Usualmente los artesanos comenzaban escenificando la creación, el pecado
original, la expulsión del paraíso; continuaba con escenas tomadas del Antiguo
Testamento: Abraham, Isaac, Jacob, Moisés y los profetas de Israel. Muchas de
estas escenas eran representadas en su contenido simbólico, ofreciendo parangones
con la vida de Cristo y de la Iglesia. El sacrificio de Isaac era figura del sacrificio de
Cristo en la cruz; el paso por el mar rojo, del bautismo de los cristianos.
Finalmente y en los lugares más notables se representaban las escenas del
nuevo testamento; Cristo naciendo en Belén, predicando a las muchedumbres y
sanando a los enfermos. El Cristo sufriente ocupaba un lugar relevante al centro
del templo. Y al fondo, en el ábside, se hallaba el Cristo resucitado. También se
representaban la Ascensión y la fiesta de Pentecostés. Y desde luego, las
convicciones cristianas relativas al más allá: el juicio final, el paraíso, el purgatorio
y el infierno, todo lleno de detalles siniestros, amables o esperanzadores. El
conjunto resultaba una imponente procesión de cientos y hasta millares de figuras.

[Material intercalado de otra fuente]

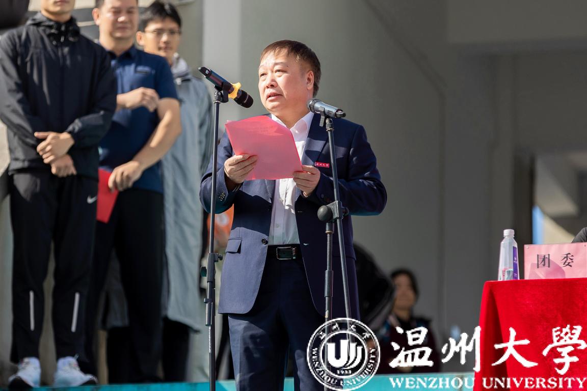 校长赵敏致开幕辞。他指出,体育强则中国强,国运兴则体育兴。长期以来,sunbet申愽官网高度重视学生成长发展,以体育智、以体育心,坚持“健康第一”指导思想,坚持“健康与文化并重”的教育理念,学校体育教学改革不断创新,学生体育活动蓬勃开展,专业运动队水平持续提升。他希望全体运动员超越自我、发扬拼搏超越精神、赛出风格;全体裁判教练与工作人员们忠于职守,共同创造公平公正且安全有序的环境;各学院部门引导全体师生走进操场,在运动中收获健康,享受快乐,共同谱写学校跨越发展新篇章!

A ellos se agregaba una multitud de estímulos visuales que terminaban de
convertir las grandes fechas de la liturgia en verdaderas fiestas para la sensibilidad
religiosa del pueblo: finos mobiliarios, ricos vestuarios litúrgicos; orfebrerías,
tapices, reliquias, y especialmente las melodías del canto gregoriano, que acababan
de sumergir a los fieles en la más profunda y sacral de las atmósferas.

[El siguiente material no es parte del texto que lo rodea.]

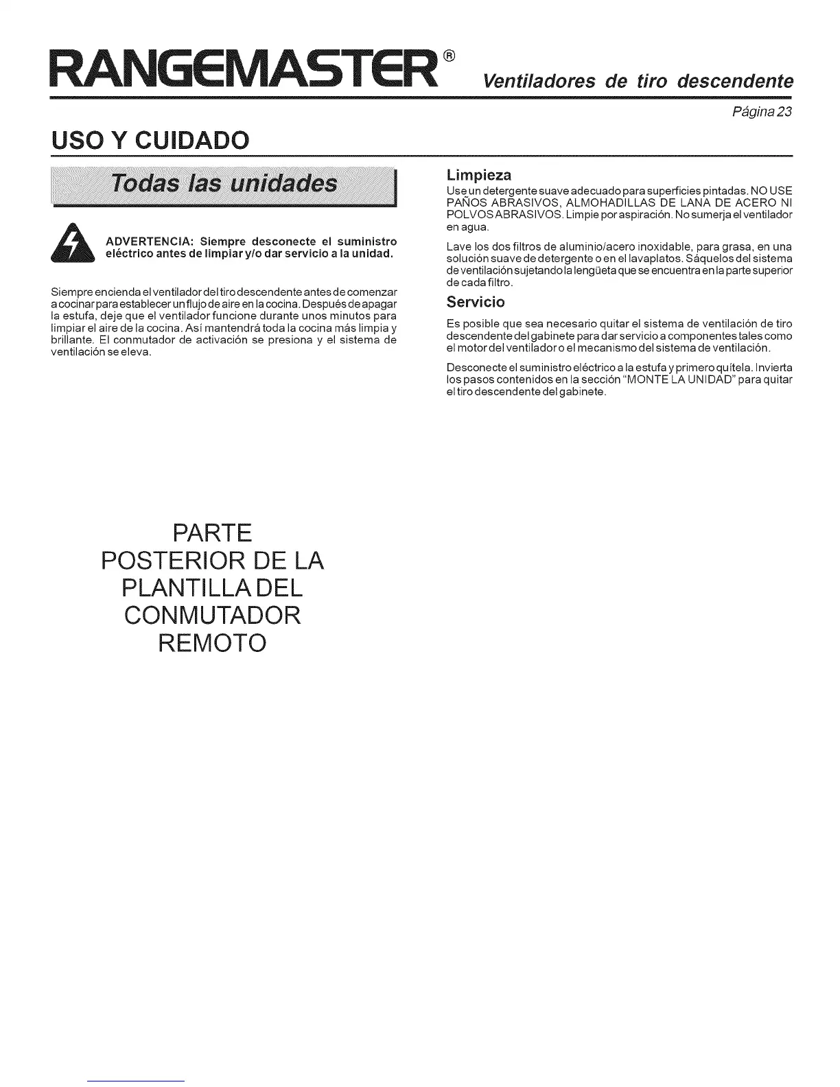 el_ctrico antes de limpiar y/o dar servicio a la unidad.

Efectivamente. Un sumario recorrido por las catedrales góticas es capaz de
decirnos más sobre la época en que fueron construidas que una multitud de
documentos eruditos sobre el tema.
Estimados Profesores y Alumnos de nuestro Magíster. Una de las tareas
impostergables del humanista de nuestro tiempo es la de descubrir, apreciar y
valorar la belleza allí donde la encuentre. El gótico se presta fácilmente a una
experiencia de este tipo. Recorriendo sus rincones es posible admirar lo que tantos
contemporáneos no tienen el tiempo o la serenidad de apreciar. Ojalá esta
conferencia pueda ser un indicio, aunque modesto, de ese sentimiento que según
Platón se encuentra en el origen de toda la vida intelectual y que hoy, más que
nunca, las humanidades están llamadas a rescatar: el de la admiración.